*Dataset content:*
╔══
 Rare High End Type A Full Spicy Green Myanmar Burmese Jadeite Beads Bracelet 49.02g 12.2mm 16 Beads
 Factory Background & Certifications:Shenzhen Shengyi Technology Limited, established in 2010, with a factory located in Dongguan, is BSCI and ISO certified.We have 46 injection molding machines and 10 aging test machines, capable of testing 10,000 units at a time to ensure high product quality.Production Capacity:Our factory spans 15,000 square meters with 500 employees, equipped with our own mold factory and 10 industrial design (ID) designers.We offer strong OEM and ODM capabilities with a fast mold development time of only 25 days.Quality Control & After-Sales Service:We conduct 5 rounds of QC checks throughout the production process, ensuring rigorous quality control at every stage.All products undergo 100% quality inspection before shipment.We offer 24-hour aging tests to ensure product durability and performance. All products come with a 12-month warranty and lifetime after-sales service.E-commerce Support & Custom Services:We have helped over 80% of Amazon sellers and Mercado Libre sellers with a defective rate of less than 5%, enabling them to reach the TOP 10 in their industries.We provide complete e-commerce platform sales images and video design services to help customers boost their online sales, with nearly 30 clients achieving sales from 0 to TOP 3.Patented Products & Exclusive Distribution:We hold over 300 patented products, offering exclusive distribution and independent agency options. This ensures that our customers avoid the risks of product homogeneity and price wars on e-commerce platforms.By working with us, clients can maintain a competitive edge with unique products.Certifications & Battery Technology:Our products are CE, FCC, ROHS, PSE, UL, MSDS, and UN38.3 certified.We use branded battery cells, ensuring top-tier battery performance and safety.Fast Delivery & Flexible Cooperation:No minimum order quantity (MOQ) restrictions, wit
╚══
╔══
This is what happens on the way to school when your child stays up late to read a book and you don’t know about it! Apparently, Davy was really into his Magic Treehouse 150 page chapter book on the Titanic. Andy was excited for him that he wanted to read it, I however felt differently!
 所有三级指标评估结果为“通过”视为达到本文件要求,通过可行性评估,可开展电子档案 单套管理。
╚══
*What is needed:* Wherever "that" occurs in the records above, copy the line it sits in.

*Finished task:*
 Factory Background & Certifications:Shenzhen Shengyi Technology Limited, established in 2010, with a factory located in Dongguan, is BSCI and ISO certified.We have 46 injection molding machines and 10 aging test machines, capable of testing 10,000 units at a time to ensure high product quality.Production Capacity:Our factory spans 15,000 square meters with 500 employees, equipped with our own mold factory and 10 industrial design (ID) designers.We offer strong OEM and ODM capabilities with a fast mold development time of only 25 days.Quality Control & After-Sales Service:We conduct 5 rounds of QC checks throughout the production process, ensuring rigorous quality control at every stage.All products undergo 100% quality inspection before shipment.We offer 24-hour aging tests to ensure product durability and performance. All products come with a 12-month warranty and lifetime after-sales service.E-commerce Support & Custom Services:We have helped over 80% of Amazon sellers and Mercado Libre sellers with a defective rate of less than 5%, enabling them to reach the TOP 10 in their industries.We provide complete e-commerce platform sales images and video design services to help customers boost their online sales, with nearly 30 clients achieving sales from 0 to TOP 3.Patented Products & Exclusive Distribution:We hold over 300 patented products, offering exclusive distribution and independent agency options. This ensures that our customers avoid the risks of product homogeneity and price wars on e-commerce platforms.By working with us, clients can maintain a competitive edge with unique products.Certifications & Battery Technology:Our products are CE, FCC, ROHS, PSE, UL, MSDS, and UN38.3 certified.We use branded battery cells, ensuring top-tier battery performance and safety.Fast Delivery & Flexible Cooperation:No minimum order quantity (MOQ) restrictions, wit
This is what happens on the way to school when your child stays up late to read a book and you don’t know about it! Apparently, Davy was really into his Magic Treehouse 150 page chapter book on the Titanic. Andy was excited for him that he wanted to read it, I however felt differently!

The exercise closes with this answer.